Sabah Fest 2011: Cultural extravaganza in store
A public premier show follows on May 1, starting at 7pm. Sabah stands out as the richest State in terms of ethnic and cultural diversity which, however, is often hidden, in deep interior of far-flung coasts or even islands.
Which raises the question: How to make this proud and exclusive heritage visible to the world.
The answer is an annual Sabah Fest which congregates all 32 indigenous groups in one place, dressed in full traditional costumes with a maximum display of their variant cultural elements - such as dance, music, cuisine and handicraft.
Because it is more than two decades old, Sabah Fest has gained a good measure of maturity, with a quality show that comes along with it.

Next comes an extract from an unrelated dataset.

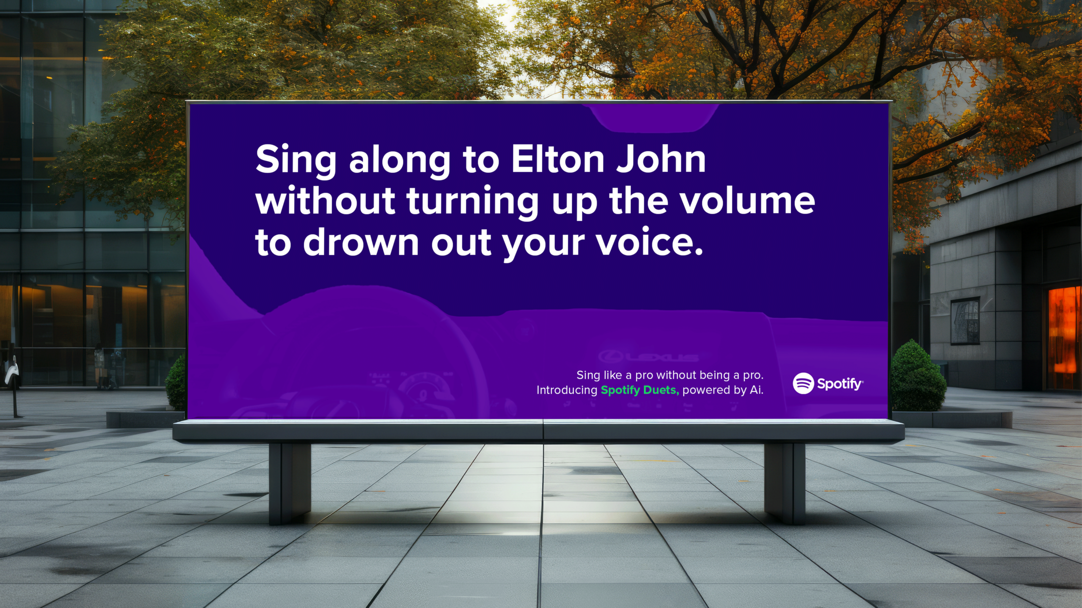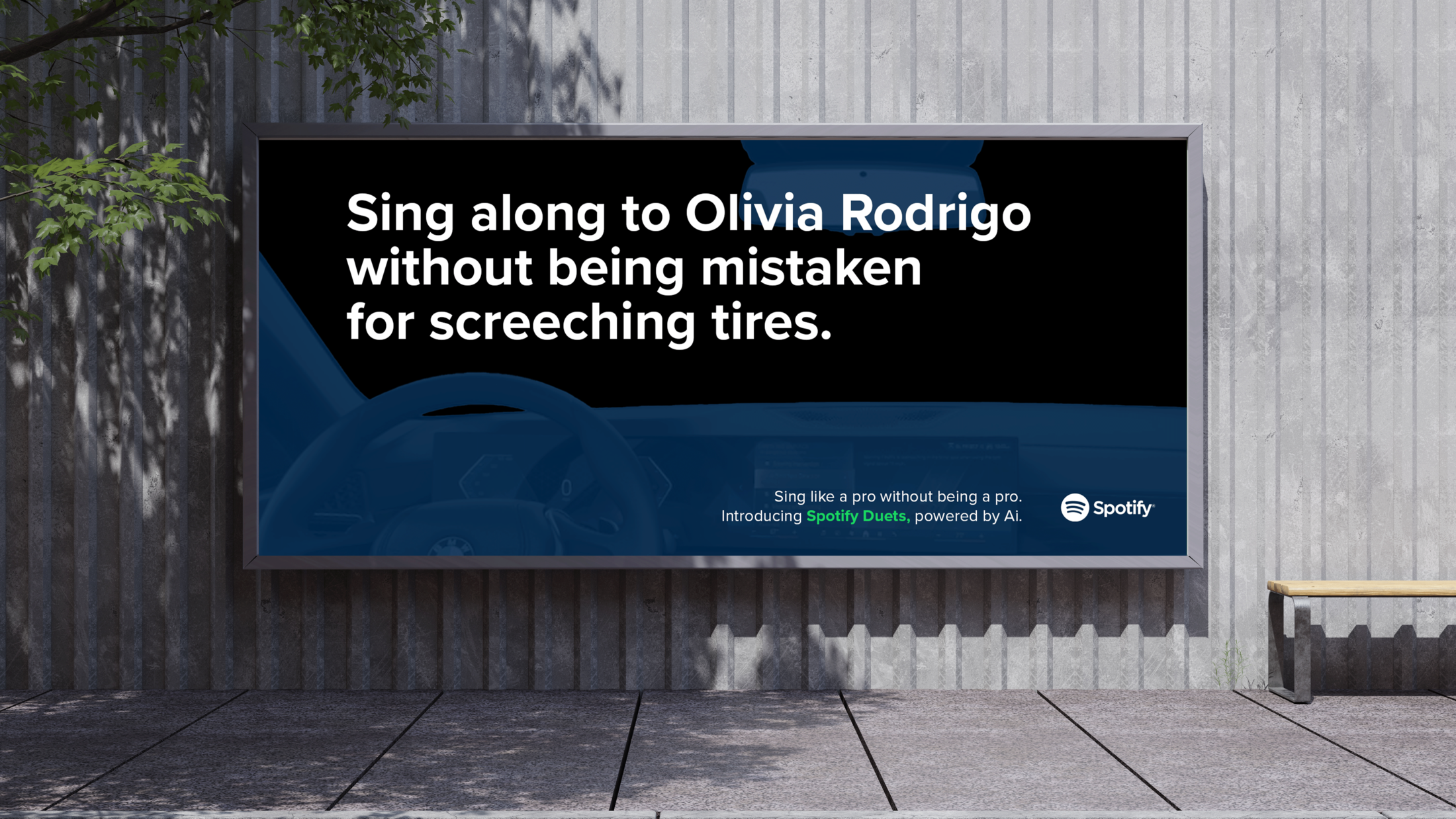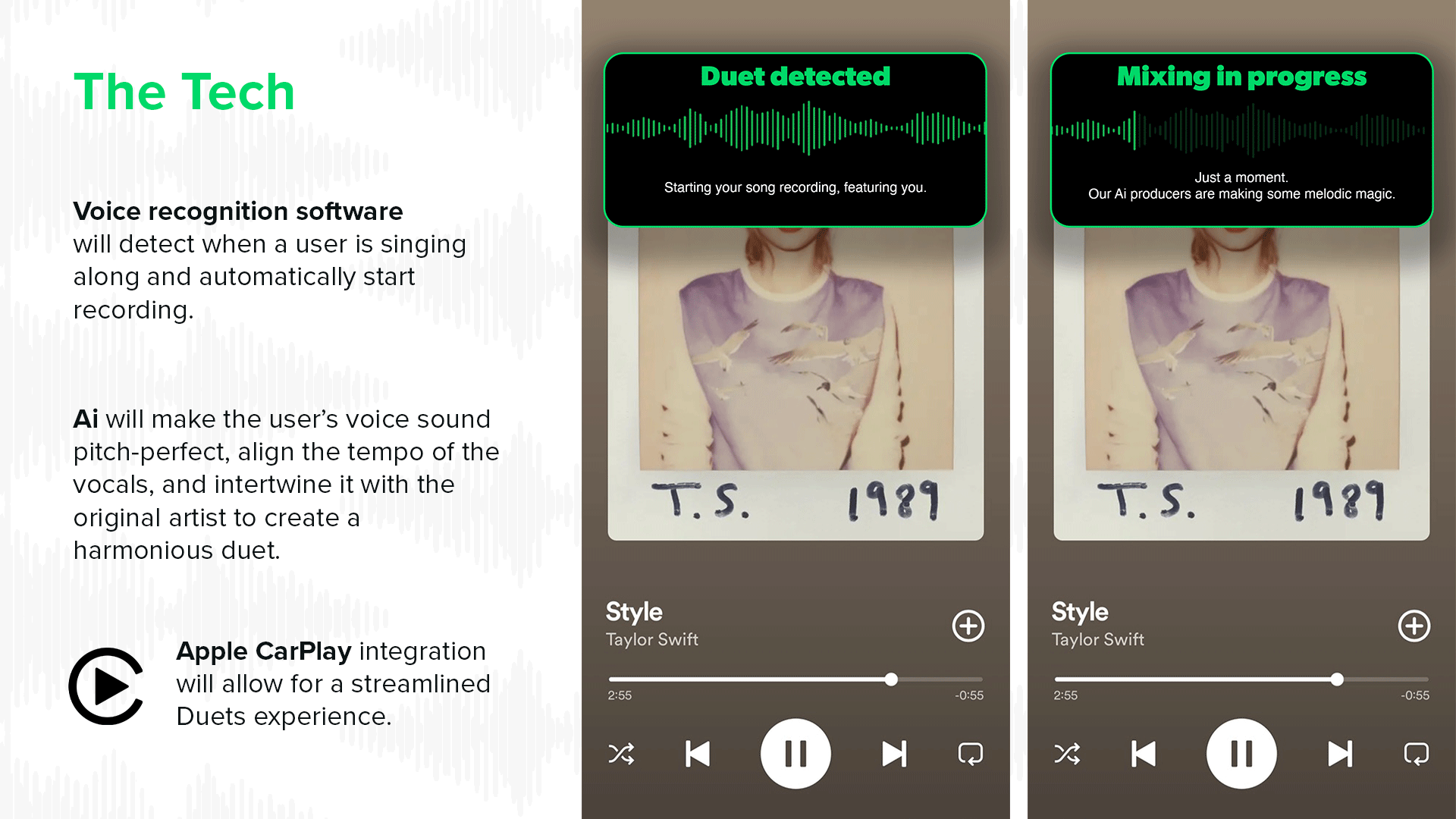 People often love to sing in the car, but they don't sound that good. With Spotify Duets, you can sing like a pro without being a pro. Voice recognition will detect when a user is singing along to a song, and Ai will record and generate a pitch-perfect duet with the original artist.

Year in and year out, the big 'do' still surprise visitors and even locals, when they actually see the sharply contrasting depth and extent of ethnic possibilities as organisers take pains to extract real indigenous ethnic groups from their original village roots and concentrate them in one place each year, for a musical theatre style hour-long production based on Sabah's many legends.
As Sabah Tourism Board Chairman, Tengku Datuk Dr Zainal Adlin, has put it: "The beauty is not necessarily in colourful costumes but ethnic authenticity."
Add a unique traditional tolerance to ethnic diversity, Sabah brands itself positively to the outside world who often say they like what they see.
Legends may not be historical facts but they nevertheless tell stories around which musical directors can cast diverse ethnic groups like contrasting characters in one single production.
So the story of this year's legend centres around seven contentious sons of Nunuk Ragang Chief of Tompios, who coveted a mystical stone called Pa'pakang. But only one wins - Aki Lintobon, the youngest son, who succeeded in retrieving it from the river bottom. Being covetous, the brothers fought for ownership of the stone.